- Theatrical release poster
- Directed by: Shirish Kunder
- Written by: Shirish Kunder
- Produced by: Sajid Nadiadwala
- Starring: Salman Khan Akshay Kumar Preity Zinta Anupam Kher
- Narrated by: Akshay Kumar
- Cinematography: Sudeep Chatterjee
- Edited by: Shirish Kunder
- Music by: Anu Malik
- Production company: Nadiadwala Grandson Entertainment
- Distributed by: Nadiadwala Grandson Entertainment
- Release date: 20 October 2006;
- Running time: 173 minutes
- Country: India
- Language: Hindi
- Budget: ₹40 crore
- Box office: ₹46.26 crore

= Jaan-E-Mann =

2006 Indian film directed by Shirish Kunder

Jaan-E-Mann is a 2006 Indian Hindi-language romantic comedy film directed by Shirish Kunder and was produced by Sajid Nadiawala.
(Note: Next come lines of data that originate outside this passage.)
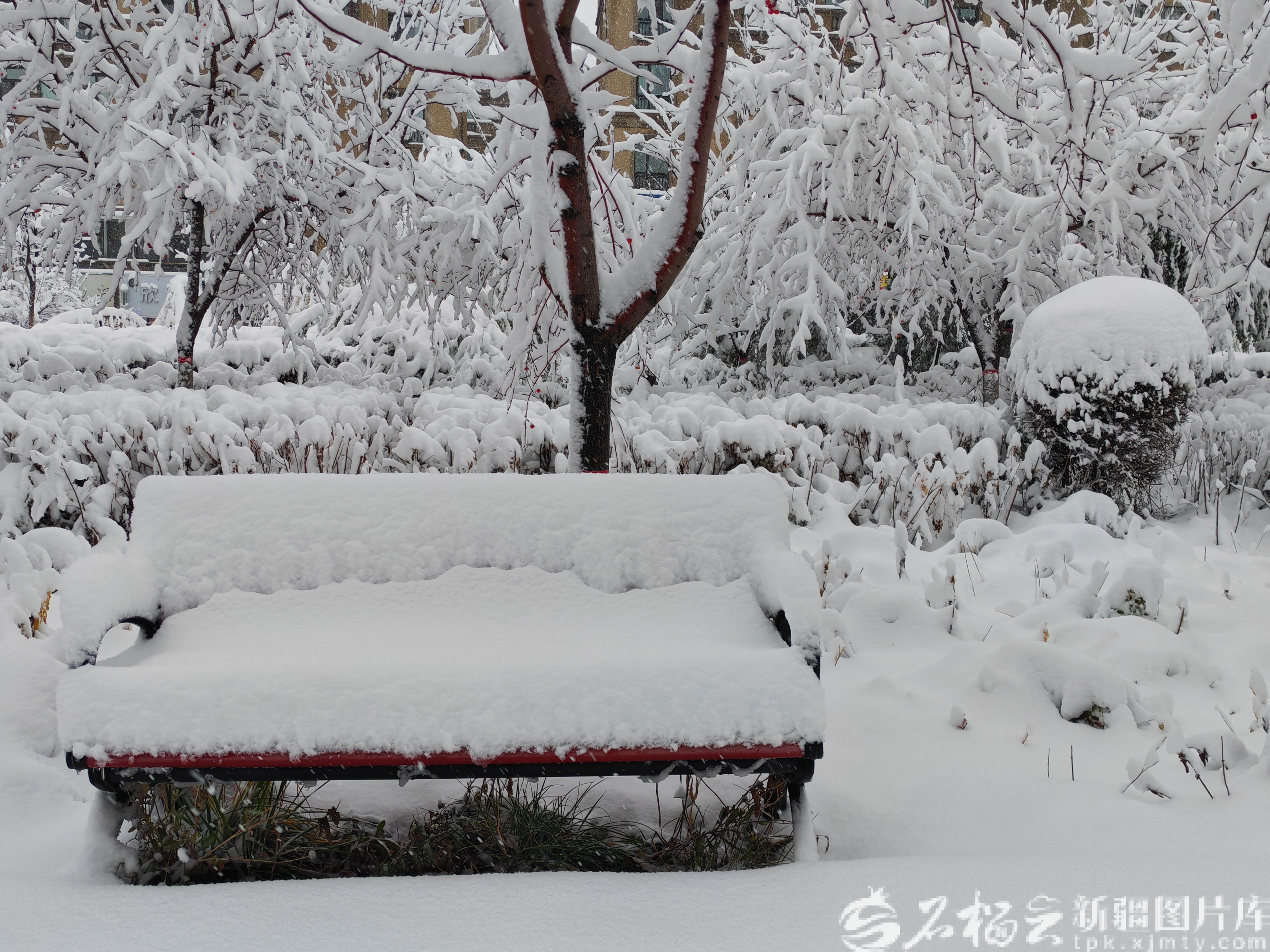 11月6日,乌鲁木齐市观园路,步道上的座椅落满了积雪。 石榴云/新疆日报记者 秦梅花摄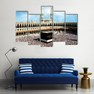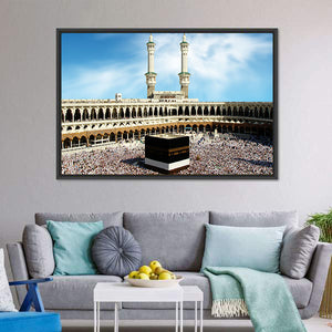 Capture the grandeur of the Kaaba and Masjid al-Haram with this beautiful canvas wall art. The high perspective and sweeping view create a spiritual atmosphere, making it a perfect addition to any space that values faith and cultural significance.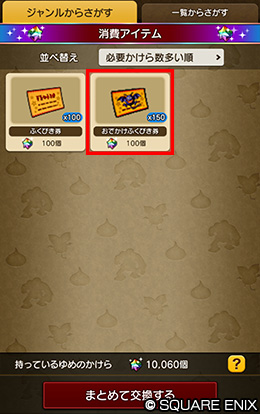 「ゆめのかけら交換所」にて、「消費アイテム」の項目に「おでかけふくびき券」を追加します。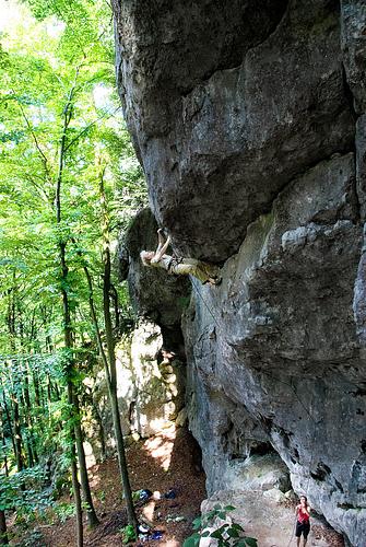 hat das auch nen namen? "Holger-Überhang" echt lässige, steile linie, die trotz abscheulicher rissoptik mit keinem einzigen zwingenden klemmer in die niveazarten patscherchen fräst! an sommernachtsphantastisch feuchtelnden löchern quert es sich flüssig und z.z.doch angenehm trocken bis zur schlüsselstelle. falls es da mal eng werden sollte, kann man auch ohne weitreichende ballistikkentnisse ein auslassen des folgenden hakens nur erprobten anhängern der sächsisch-böhmischen sprungschule empfehlen... fand ich gutmütig 8+. ps: mann holger, die tour hätte doch wirklich einen coolen namen verdient! -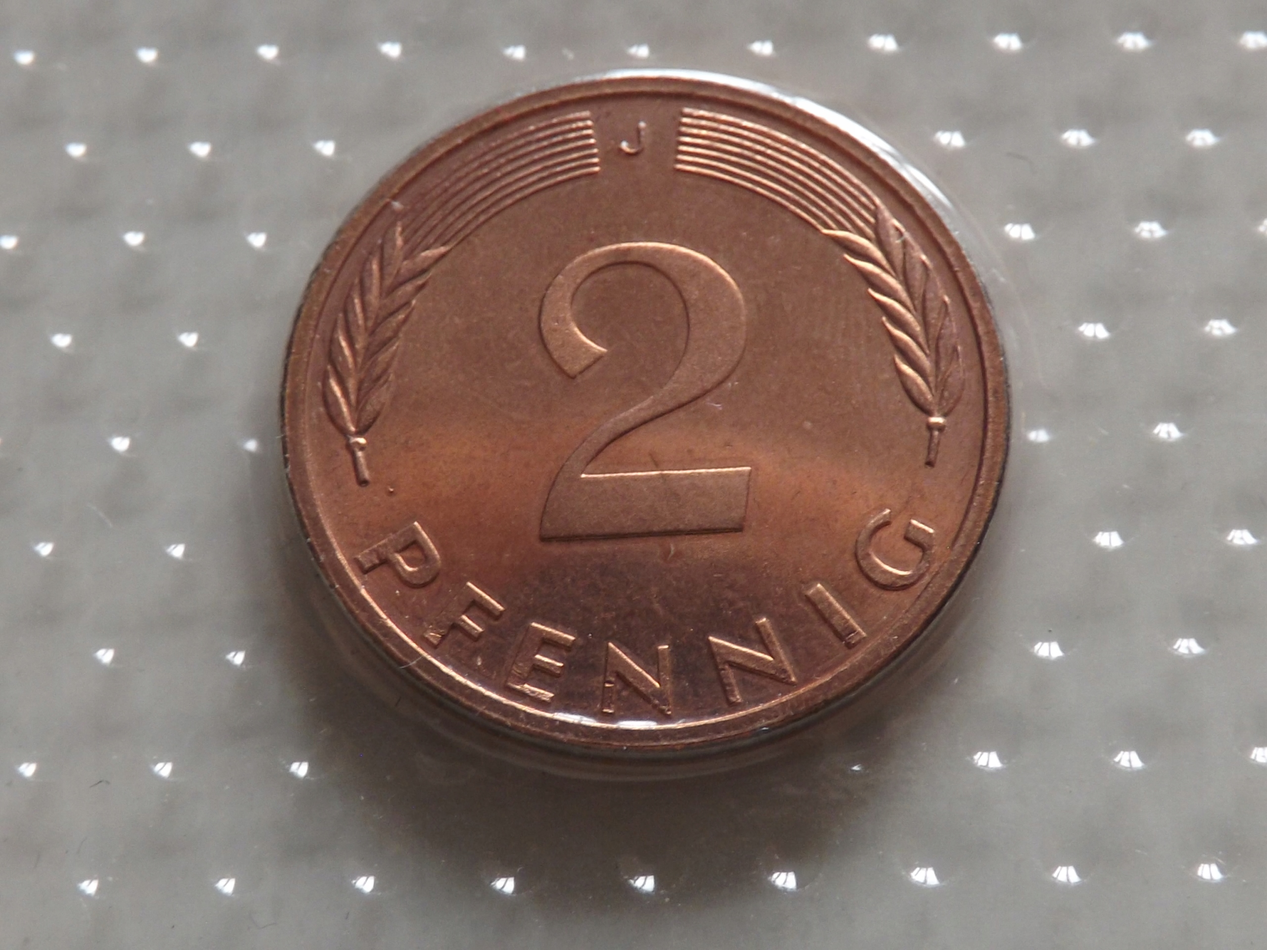 2 пфеніги 1975 Дж, монета з оригінального вінтажного набору UNC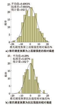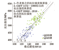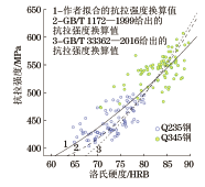 由硬度推算抗拉強度,目前可以依據的國內標準主要有GB/T 33362—2016《金屬材料 硬度值的換算》和GB/T 1172—1999《黑色金屬硬度及強度換算值》。GB/T 33362—2016使用翻譯法等同采用ISO 18265:2013《金屬材料 硬度值換算》(英文版),該標準中表A.1給出的非合金鋼、低合金鋼與鑄鋼硬度換算表,是由德國冶金工程師協會在多個不同試驗室中使用經檢驗和校準的硬度計進行比對試驗得出的。GB/T 1172—1999是由中國計量科學研究院等多家研究機構經過大量試驗研究得出的,標準中的表2給出了主要適用于低碳鋼的換算關系。但這兩個標準都沒有給出換算值不確定度的具有統計意義的可靠數據,對于換算結果的偏差范圍無從得知。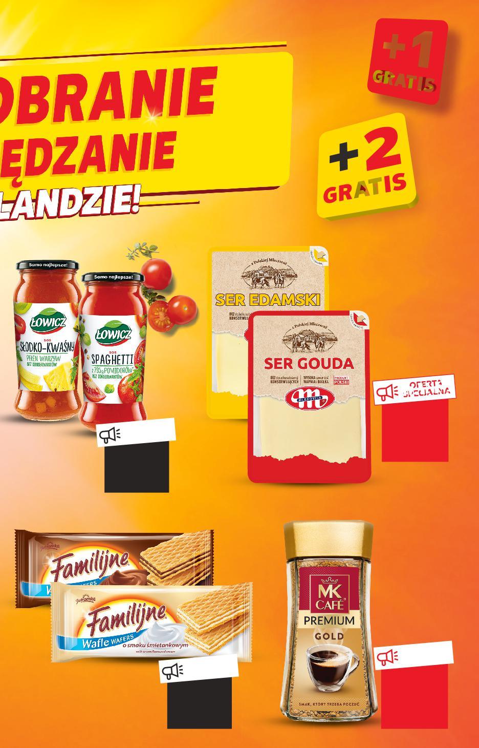 Oferta ważna od 5.10.2023 do 11.10.2023, chyba że na stronach gazety wskazano inaczej, lub do wyczerpania zapasów. Sprzedaż w ilościach detalicznych. Wszystkie podane ceny wyrażone są w złotych polskich. ŁOWICZ Sos różne rodzaje 500 g słoik (=100 G 1,20) JUTRZENKA Wafle Familijne wybrane rodzaje 180 g opakowanie (=100 G 2,22) najniższa cena z 30 dni przed obniżką -18% 20,99 25,75 TANIO tylko 3,99 MK CAFÉ PREMIUM Kawa rozpuszczalna dwa rodzaje 175 g opakowanie (=100 G 11,99) MLEKOVITA Ser w plastrach wybrane rodzaje 500 g opakowanie (=1 KG 23,98) WI TANIO tylko 5,99 TANIO -40% 11,99 cena sprzed pierwszej obniżki 19,99 S13-PL-KW40-LFT-ONLINE_OWIJA_PANO_6_RE-1020-10 13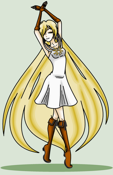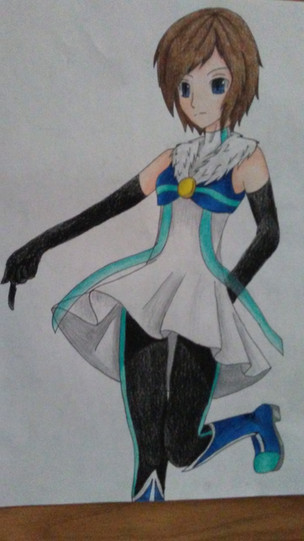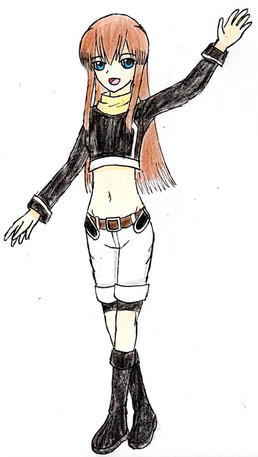 Co do anatomii, to nie wiem dlaczego wydaje mi się ona być jakaś płaska. o_o Co do ubioru, to nawet mi się podoba. Ogólnie obrazek jest fajny, chociaż wiem, że stać Cię na więcej.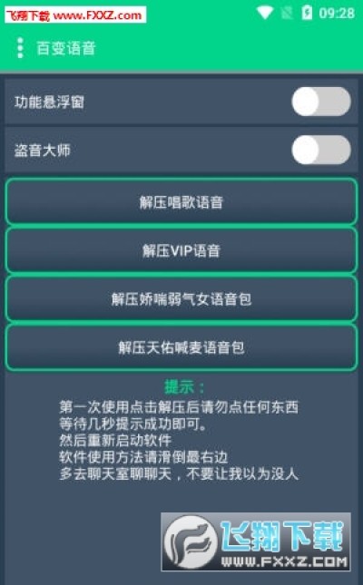有软妹纸语音,也有汉子语音,能在群里调戏群友,还可以把您变成的任何声音发到微信、来往陌陌,丰富的语音,保证别人听不出来你原本的音色。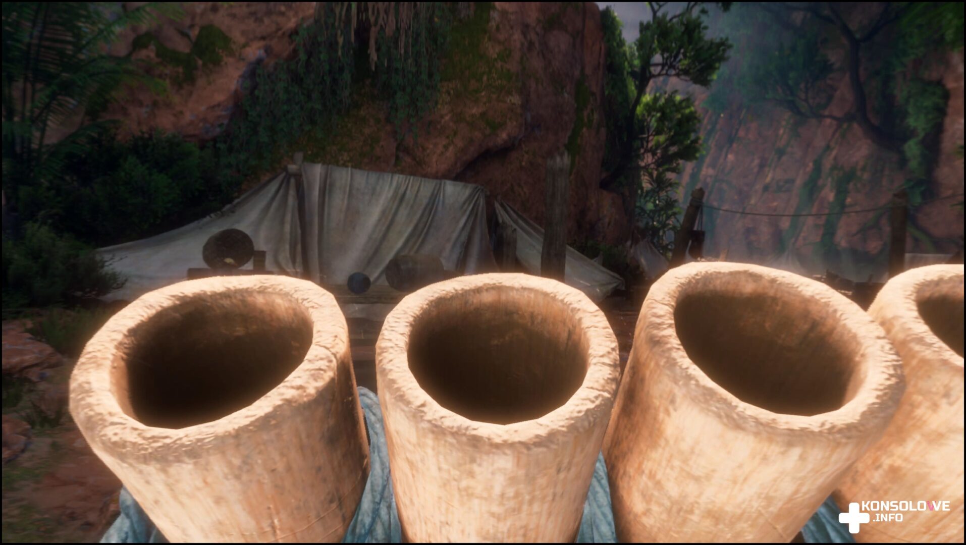 Już przy pierwszych goglach PlayStation VR kontrolery ruchowe (PlayStation Move) nierzadko miały kolosalny wpływ na nasze doznania z rozgrywki. Zapomnijcie o tamtych urządzeniach. Kontrolery Sense zdecydowanie są po prostu stworzone stricte do grania w produkcje korzystające z wirtualnej rzeczywistości. Więcej na temat samych Sense’ów pisałem oczywiście w – wcześniej linkowanym – teście, a więc teraz skupmy się na ich zastosowaniu w Call of the Mountan. Nie jestem w stanie wyobrazić sobie lepszego sposobu na sterowanie niż właśnie te kontrolery. Widzimy przed sobą nasze dłonie, które są perfekcyjnie śledzone. Za ich pomocą, sięgając w naturalny sposób za ramię weźmiemy łuk. Następnie, drugą ręką sięgamy do naszego wyimaginowanego kołczanu, po czym nakładamy strzałę na cięciwę i ją wypuszczamy.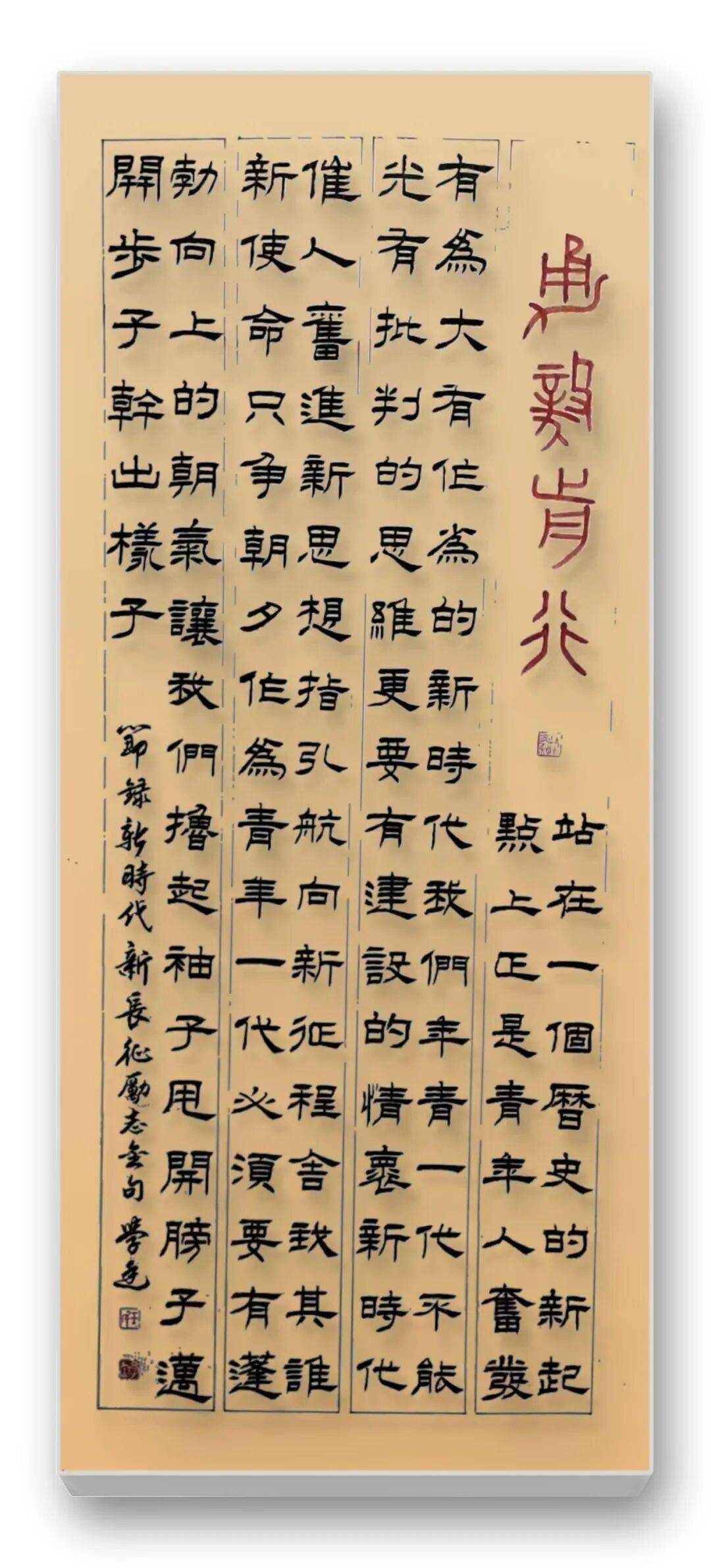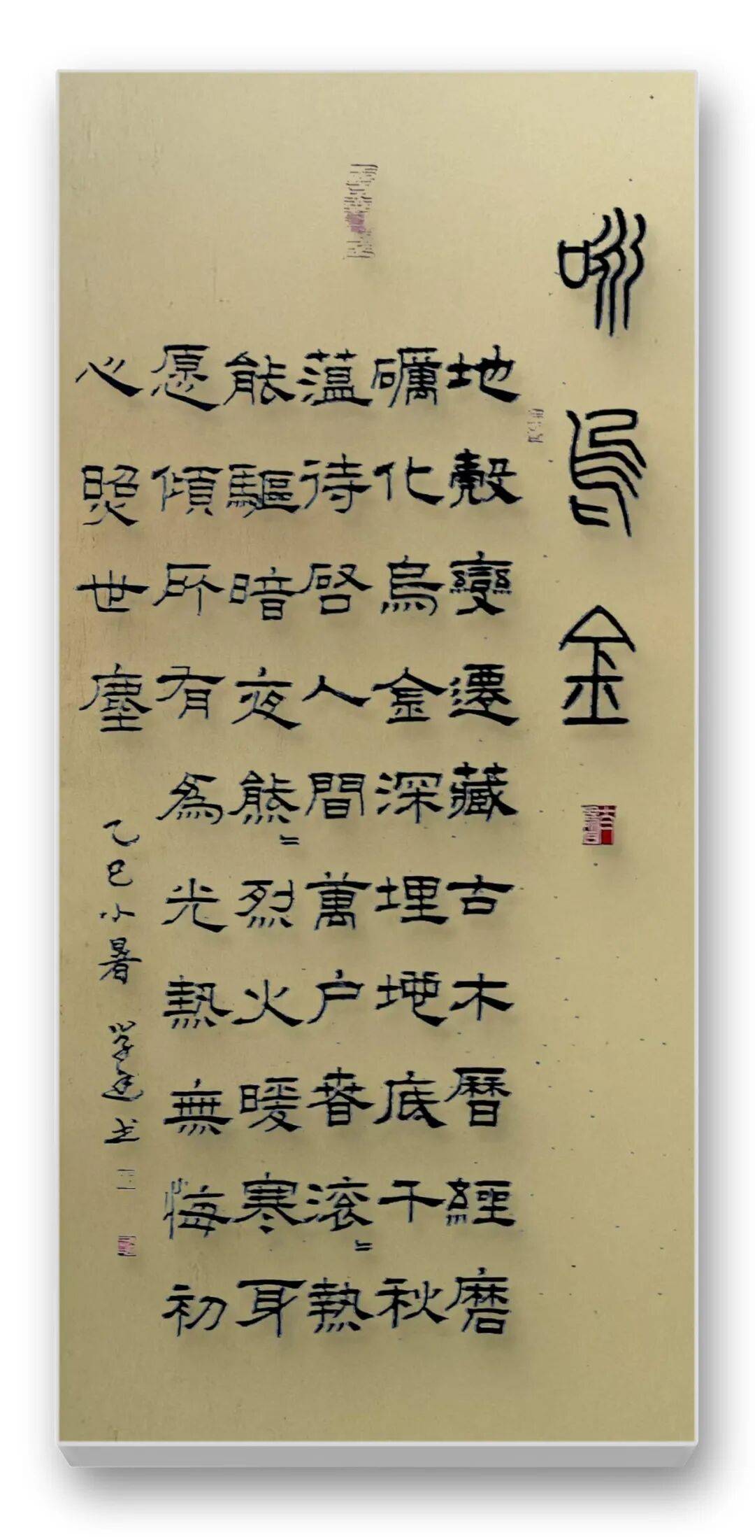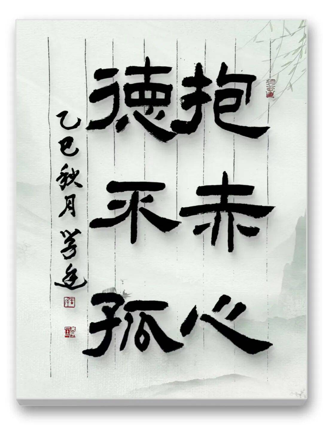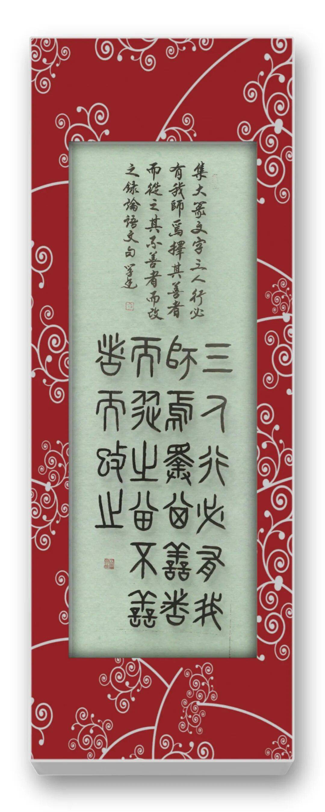 王学廷老师的书法创作,呈现出多元并举的探索格局。他不局限于某一单一书体或风格,而是在篆、隶、楷、行的疆域里自由驰骋,且在每种书体的创作中都形成了鲜明的个人面貌。篆书作品取法金文的浑穆与小篆的规整,线条凝练如铁,结体奇崛多变,将“士不可不弘毅,任重而道远”的儒家精神,通过篆书的庄严气象予以视觉化表达,让古老的书体在当代焕发出思想的锋芒。

The film stars Salman Khan, Akshay Kumar and Preity Zinta. This was Kunder's debut film as a director. He also edited and wrote the screenplay and dialogue.

Jaan-E-Mann was released on 20 October 2006 on the festive weekend of Diwali/Eid, clashing with Don – The Chase Begins Again starring Shah Rukh Khan and Priyanka Chopra. The film proved to be a commercial failure at the box office. It received mixed reviews from critics upon release, with praise for its innovative filming techniques, visuals, production design, soundtrack and special effects; however its story, screenplay and dialogues received sharp criticism.

At the 52nd Filmfare Awards, Jaan-E-Mann received 2 nominations – Best Choreography (Farah Khan for "Humko Maloom Hai") and Best Special Effects.

== Plot ==
The film begins when Suhaan Kapoor (Salman Khan) receives a notice saying his ex-wife Piya Goyal (Preity Zinta), who has settled in New York, wants a divorce settlement of ₹5 million, because he failed to make his alimony payments due to his poor financial condition. Suhaan appeals to his uncle Bonney Kapoor (Anupam Kher), a mediation lawyer, for help. While they are trying to figure out a solution, Agastya Rao (Akshay Kumar) lands at their doorstep searching for Piya. He reveals to them that he fell in love with Piya during his college days but could not express his love to her because she was in love with someone else, unaware that the person he lost her to was Suhaan. Piya had ignored Agastya then, a nerd, a nobody, and even broke his heart by blowing him off to be with Suhaan at a concert that Agastya had taken her to. A heartbroken Agastya left the college as a result and eventually wound up in Houston working for NASA.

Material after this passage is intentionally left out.